Provided information:
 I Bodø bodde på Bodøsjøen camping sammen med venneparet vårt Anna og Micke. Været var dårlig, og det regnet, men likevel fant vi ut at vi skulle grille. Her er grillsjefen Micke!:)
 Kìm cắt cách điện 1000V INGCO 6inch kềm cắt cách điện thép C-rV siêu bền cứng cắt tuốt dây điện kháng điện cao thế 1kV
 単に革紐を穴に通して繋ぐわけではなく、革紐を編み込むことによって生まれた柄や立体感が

==

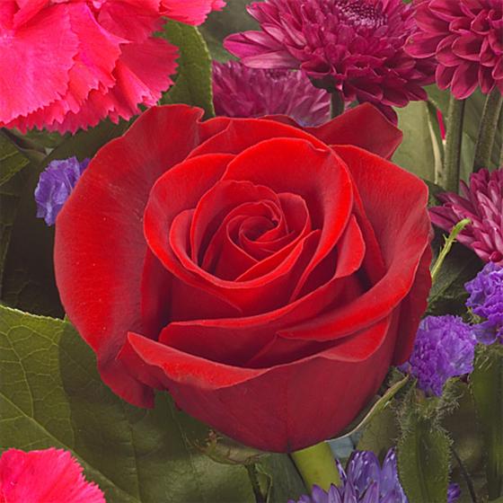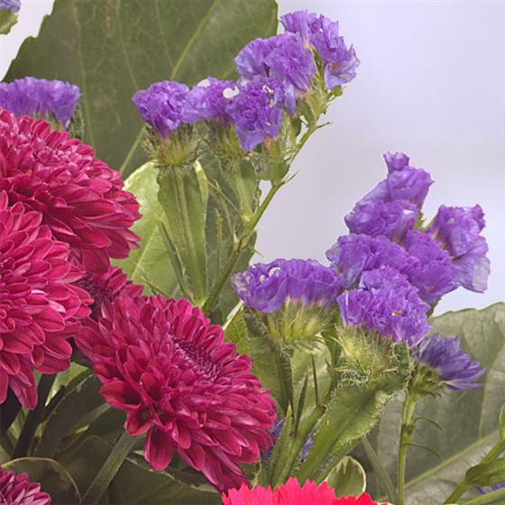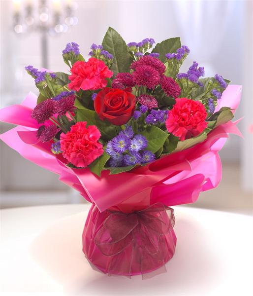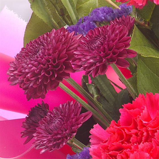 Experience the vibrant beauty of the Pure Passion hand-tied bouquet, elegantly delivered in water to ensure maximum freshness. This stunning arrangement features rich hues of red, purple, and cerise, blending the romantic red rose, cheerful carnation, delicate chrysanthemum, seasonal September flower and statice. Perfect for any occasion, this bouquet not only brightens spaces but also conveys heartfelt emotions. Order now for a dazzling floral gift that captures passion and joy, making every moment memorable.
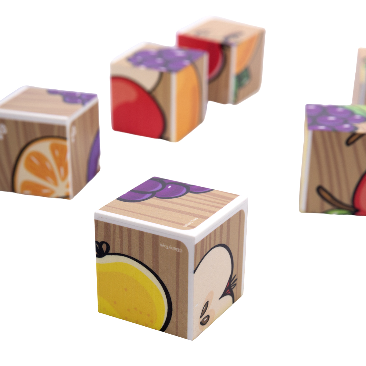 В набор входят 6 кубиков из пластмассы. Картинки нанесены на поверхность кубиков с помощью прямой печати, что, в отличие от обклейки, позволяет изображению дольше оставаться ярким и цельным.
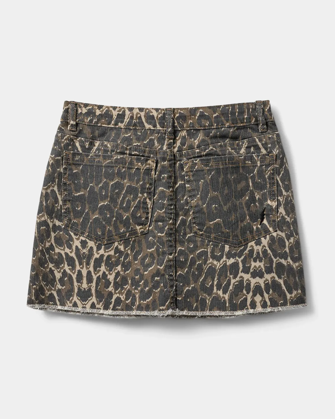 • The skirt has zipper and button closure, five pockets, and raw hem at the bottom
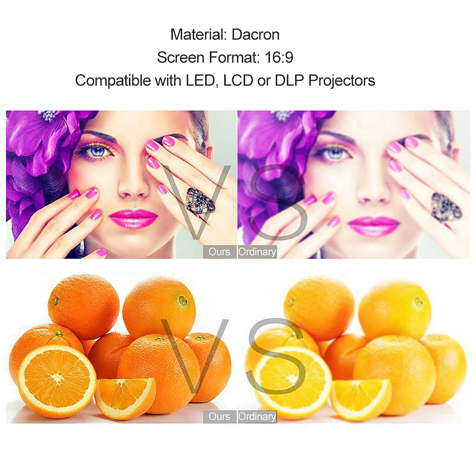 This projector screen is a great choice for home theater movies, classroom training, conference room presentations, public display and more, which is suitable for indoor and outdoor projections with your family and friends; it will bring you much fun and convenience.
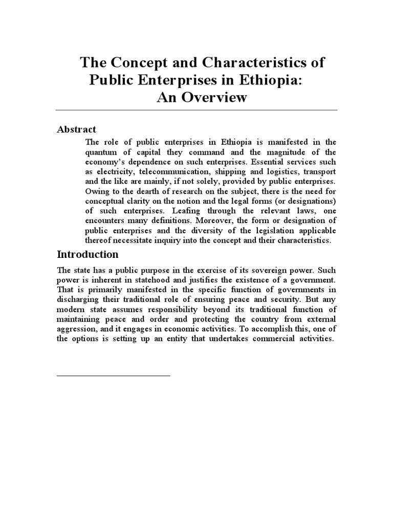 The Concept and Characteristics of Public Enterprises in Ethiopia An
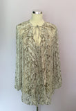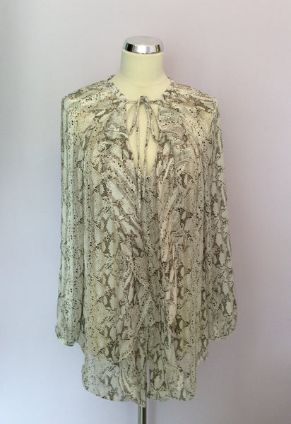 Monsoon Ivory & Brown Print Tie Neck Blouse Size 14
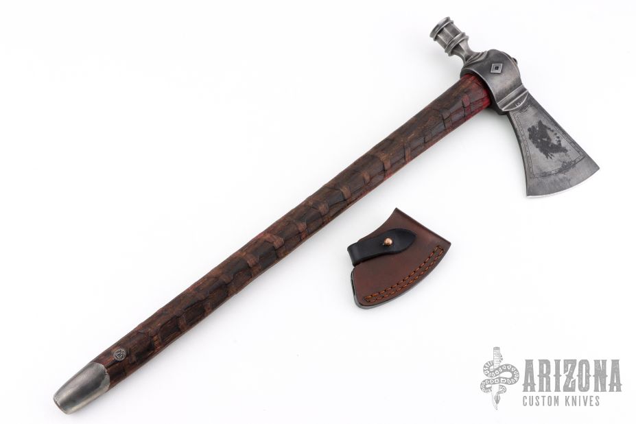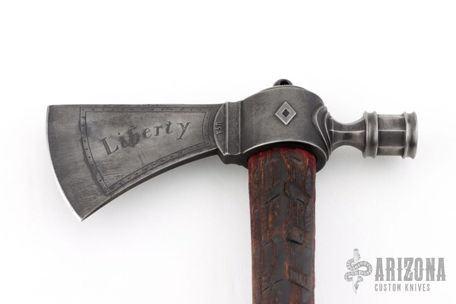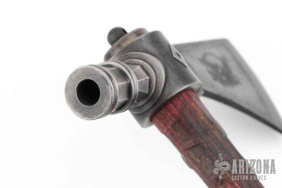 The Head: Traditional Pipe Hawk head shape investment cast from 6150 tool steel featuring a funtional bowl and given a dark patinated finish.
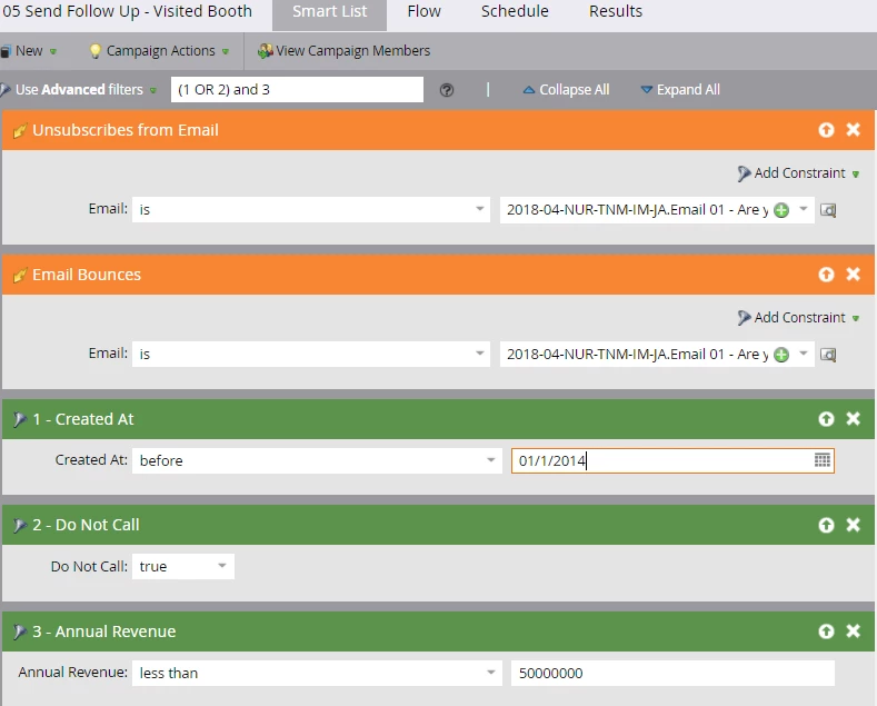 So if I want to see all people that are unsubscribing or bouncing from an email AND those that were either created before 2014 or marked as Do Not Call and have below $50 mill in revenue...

* * *

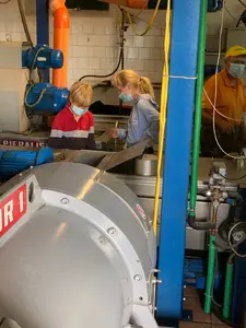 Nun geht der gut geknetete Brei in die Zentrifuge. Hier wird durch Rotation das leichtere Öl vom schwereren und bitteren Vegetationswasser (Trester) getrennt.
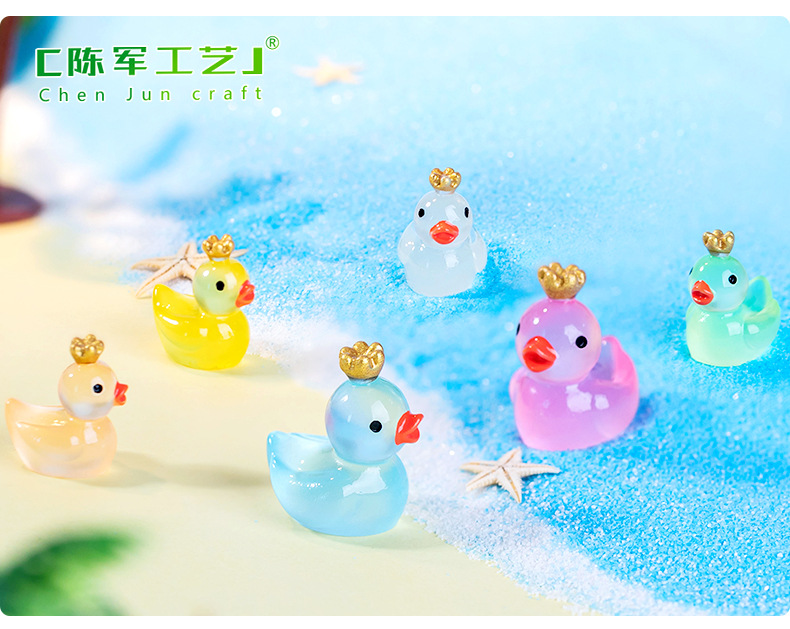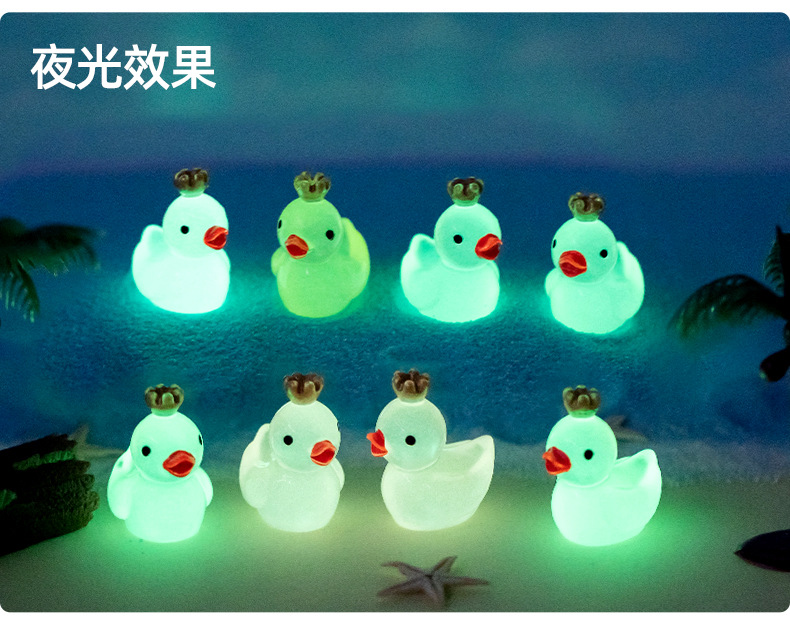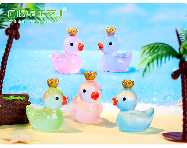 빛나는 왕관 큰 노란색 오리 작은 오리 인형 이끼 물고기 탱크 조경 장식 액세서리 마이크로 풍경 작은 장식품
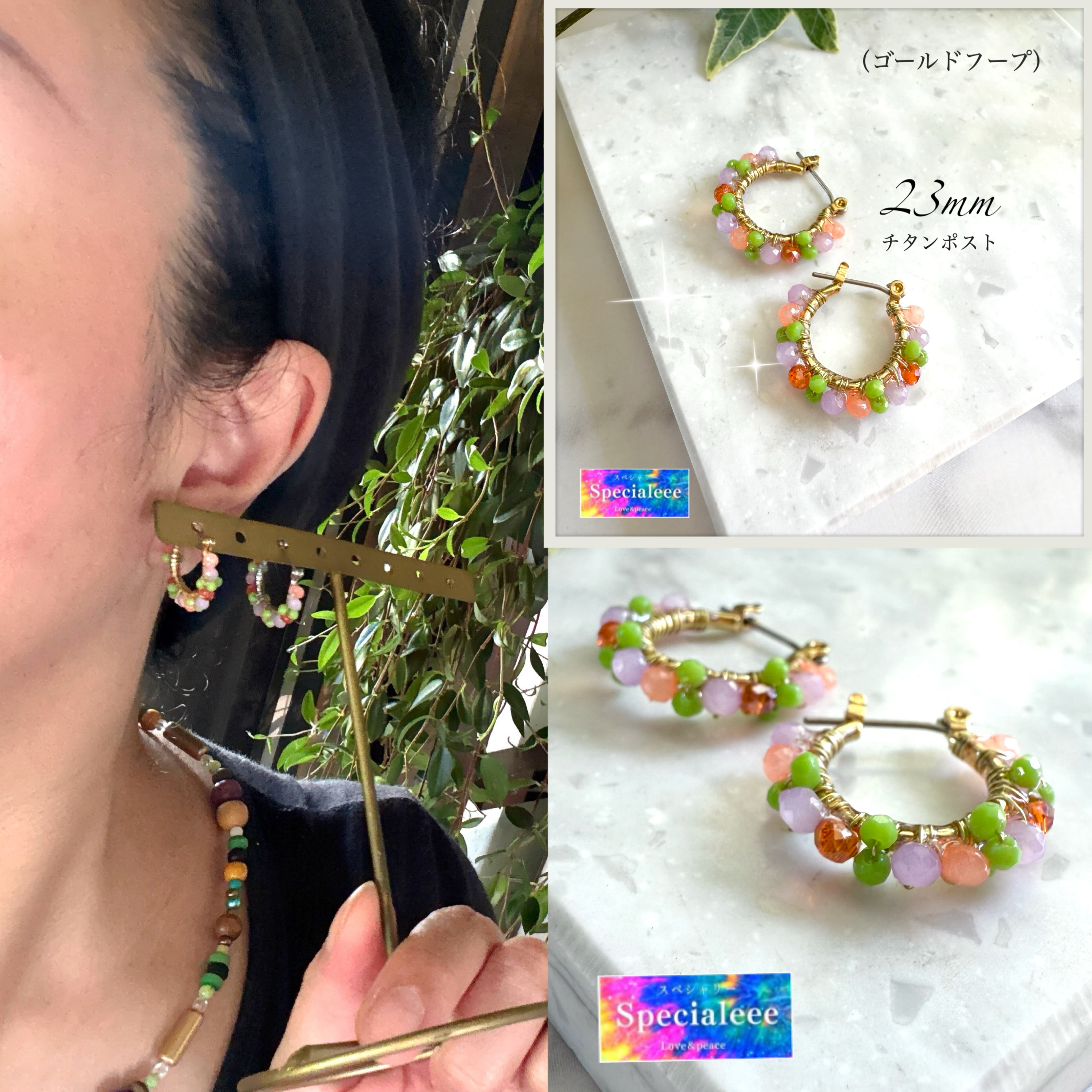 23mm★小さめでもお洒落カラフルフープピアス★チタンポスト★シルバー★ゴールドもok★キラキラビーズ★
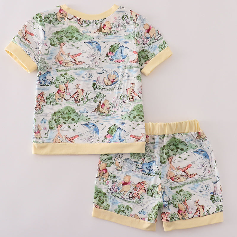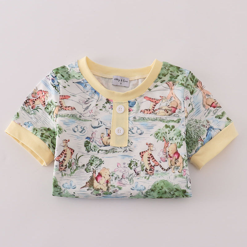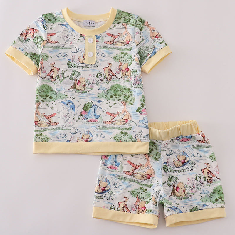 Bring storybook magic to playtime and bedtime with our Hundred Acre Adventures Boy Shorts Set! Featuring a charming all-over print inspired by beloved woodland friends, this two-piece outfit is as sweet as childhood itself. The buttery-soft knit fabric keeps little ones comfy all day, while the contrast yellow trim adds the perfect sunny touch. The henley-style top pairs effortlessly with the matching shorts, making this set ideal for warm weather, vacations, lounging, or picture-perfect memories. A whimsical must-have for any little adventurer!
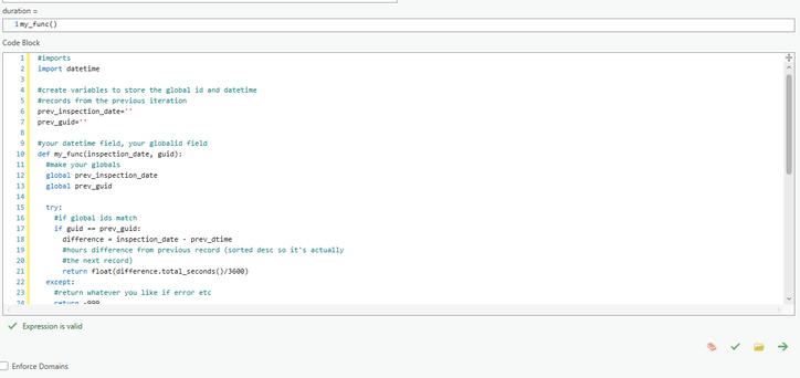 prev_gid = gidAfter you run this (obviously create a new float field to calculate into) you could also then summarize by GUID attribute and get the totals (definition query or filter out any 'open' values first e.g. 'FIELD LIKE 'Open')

What is expected:
Reproduce exactly the entries above, limited to the lines from the one with "I Bodø bodde" through the one with "単に革紐を穴に通して繋ぐわけ", both included.

Completed task:
 I Bodø bodde på Bodøsjøen camping sammen med venneparet vårt Anna og Micke. Været var dårlig, og det regnet, men likevel fant vi ut at vi skulle grille. Her er grillsjefen Micke!:)
 Kìm cắt cách điện 1000V INGCO 6inch kềm cắt cách điện thép C-rV siêu bền cứng cắt tuốt dây điện kháng điện cao thế 1kV
 単に革紐を穴に通して繋ぐわけではなく、革紐を編み込むことによって生まれた柄や立体感が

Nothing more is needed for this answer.